Occupier demand for logistics facilities in Greater Seoul has surged this year as the COVID-19 pandemic accelerates existing structural changes and spurs the emergence of new consumption trends.
As investors look to increase their exposure to what is one of the most sought-after property sectors in Asia Pacific, this report provides a comprehensive overview of the market by analysing the origin, industry, size, building type, location and other key features of tenants in 75 logistics properties in Greater Seoul.
3PLs account for 50.2% of total occupied space, followed by e-commerce platforms, which utilise 24.6%. Collectively, the two industries occupy three quarters of leasable Grade A logistics space in Greater Seoul, underlining their market dominance.

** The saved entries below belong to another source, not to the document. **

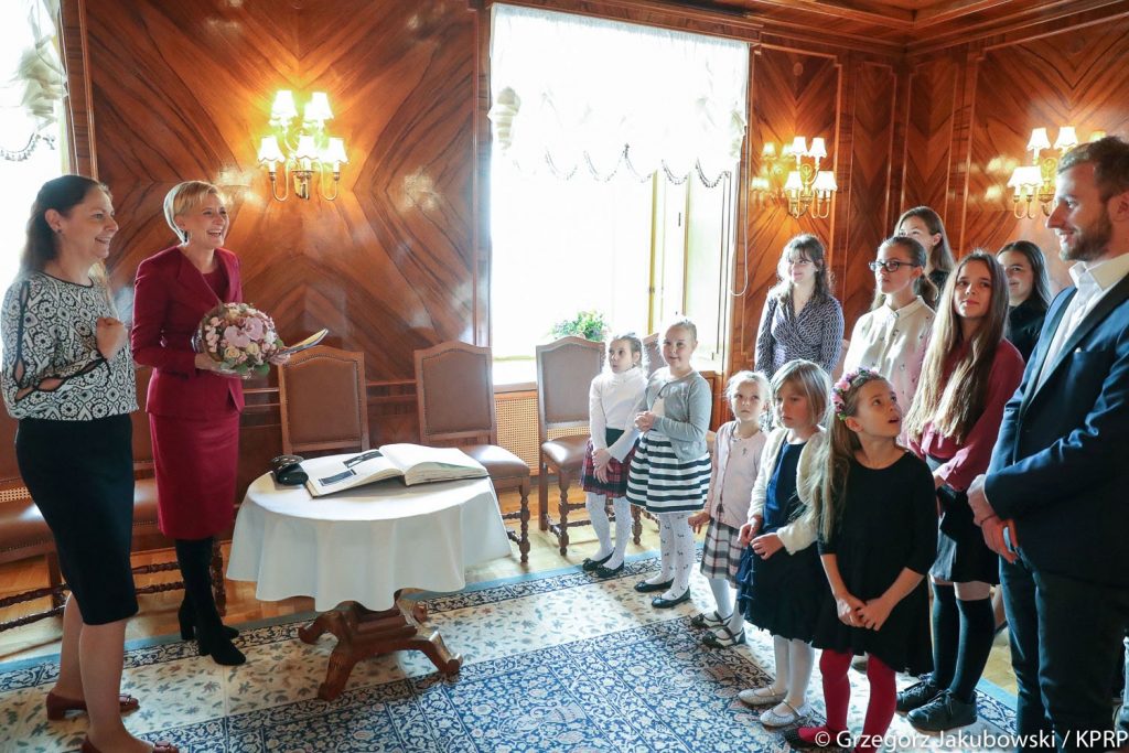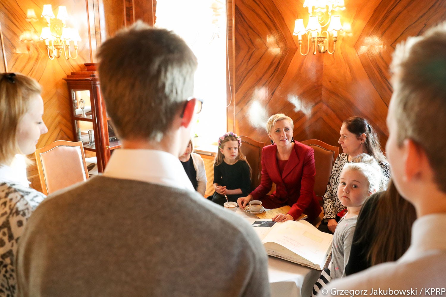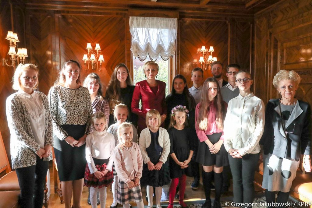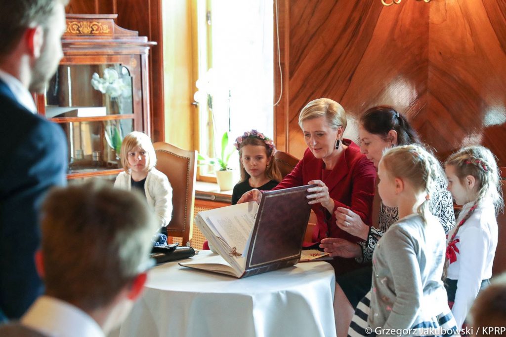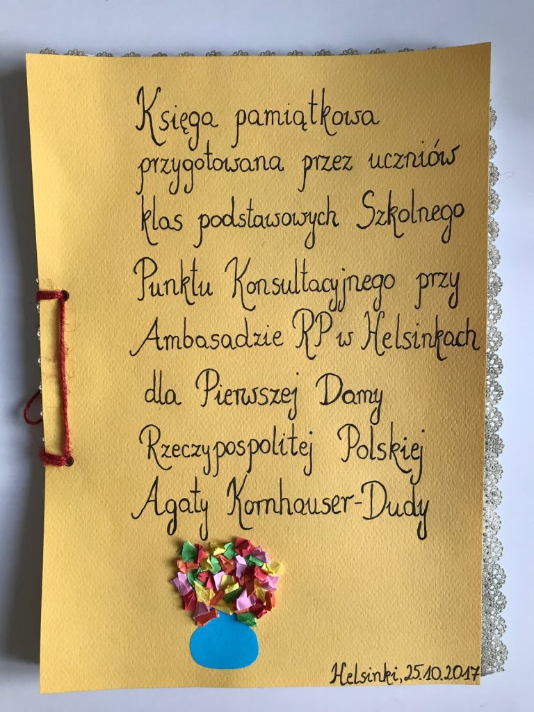 Następnie Małżonka Prezydenta spotkała się z nauczycielami i uczniami Szkolnego Punktu Konsultacyjnego przy Ambasadzie RP w Helsinkach, który realizuje uzupełniający program nauczania dla polonijnych dzieci. Pierwsza Dama została ciepło przyjęta przez uczniów, którzy pochwalili się wiedzą o polskiej kulturze i obyczajach, wyrecytowali wiersze oraz pochwalili się szkolną kroniką. Uczniowie podarowali Pierwszej Damie księgę pamiątkową przygotowaną przez uczniów klas podstawowych. Pedagodzy podzielili się z Małżonką Prezydenta swoimi doświadczeniami z zakresu prowadzonych lekcji oraz licznymi sukcesami podopiecznych w konkursach.
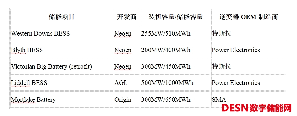 如下圖所示,這些逆變器將由三家逆變器制造商提供給這五個儲能項目:特斯拉公司、Power Electronics公司和SMA公司,其中SMA公司是Mortlake儲能項目的供應商。
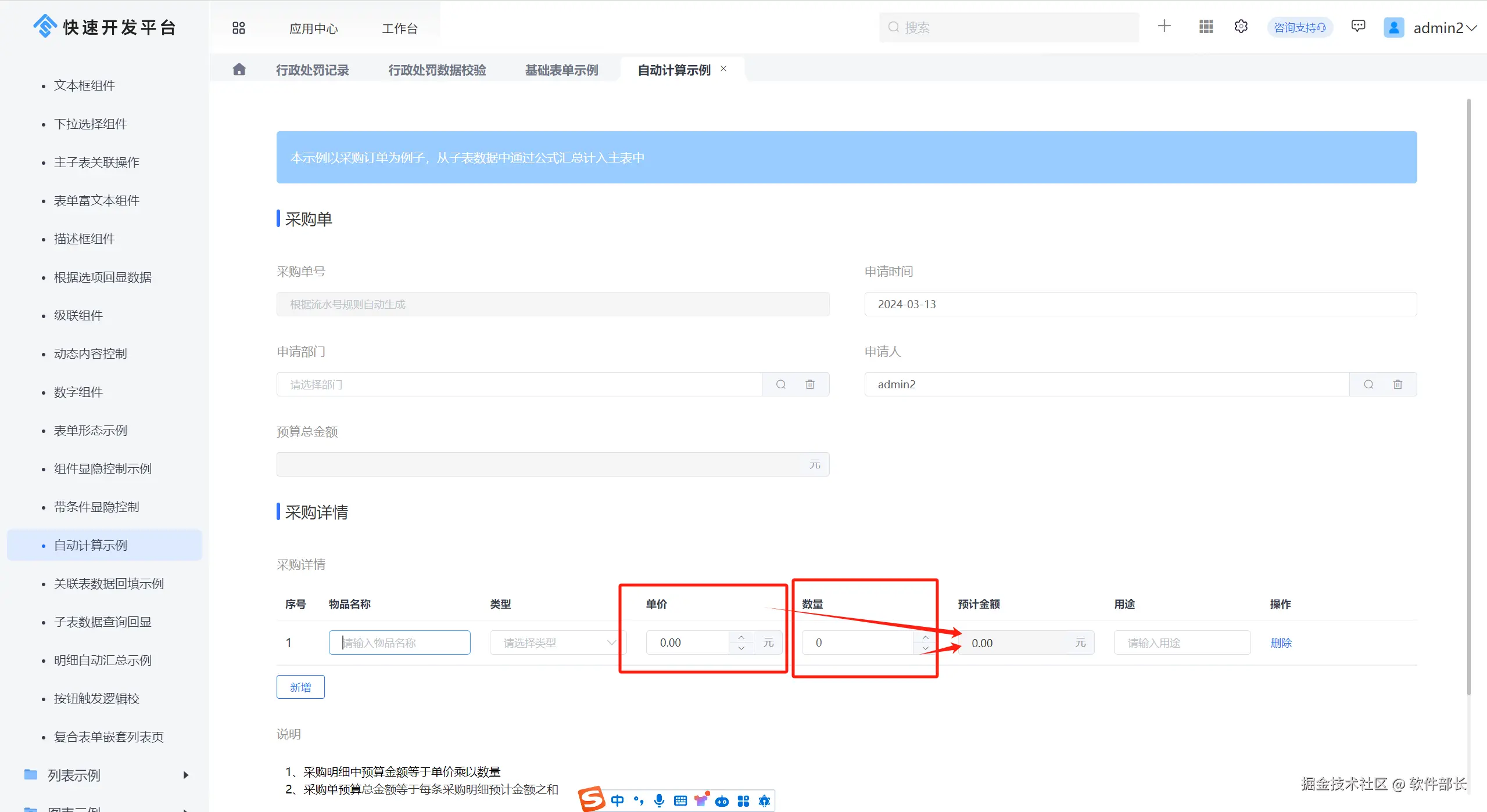 如上图所示,预计金额=单价*数量,那么这里 预算金额的结果就默认设置为一个函数取值,这个取值的方式通过函数公式进行加工获取,在JVS中会在很多地方用到函数公式,当公式不满足时需要我们自己扩展,本文介绍如何自行针对业务进行扩展函数公式。

Demand from e-commerce platforms is strongest in areas less than 30km from Seoul. This is because these occupiers require conveniently located logistics facilities to conduct rapid deliveries. In areas 30-60km from Seoul, which includes the cities of Yongin and Incheon, 3PLs occupy 64% of space.
The number of tenants occupying a space less than 2,000 pyeong (6,600 sq. m.) was found to be the highest, reflecting high levels of demand from a broad range of industries for relatively small spaces. The number of tenants leasing an area of more than 20,000 pyeong (66,000 sq. m.) accounted for roughly 10% of the total surveyed by CBRE, underling growing demand from large space users, primarily e-commerce platforms.
CBRE’s study found that assets built six years ago or more are mainly leased to 3PL companies, which occupy 56% of GFA, with e-commerce platforms taking up just 9.5% of GFA. In contrast, the e-commerce industry occupies a far larger proportion of space in properties built less than five years ago, taking up 32% of GFA, with 3PLs accounting for 48%.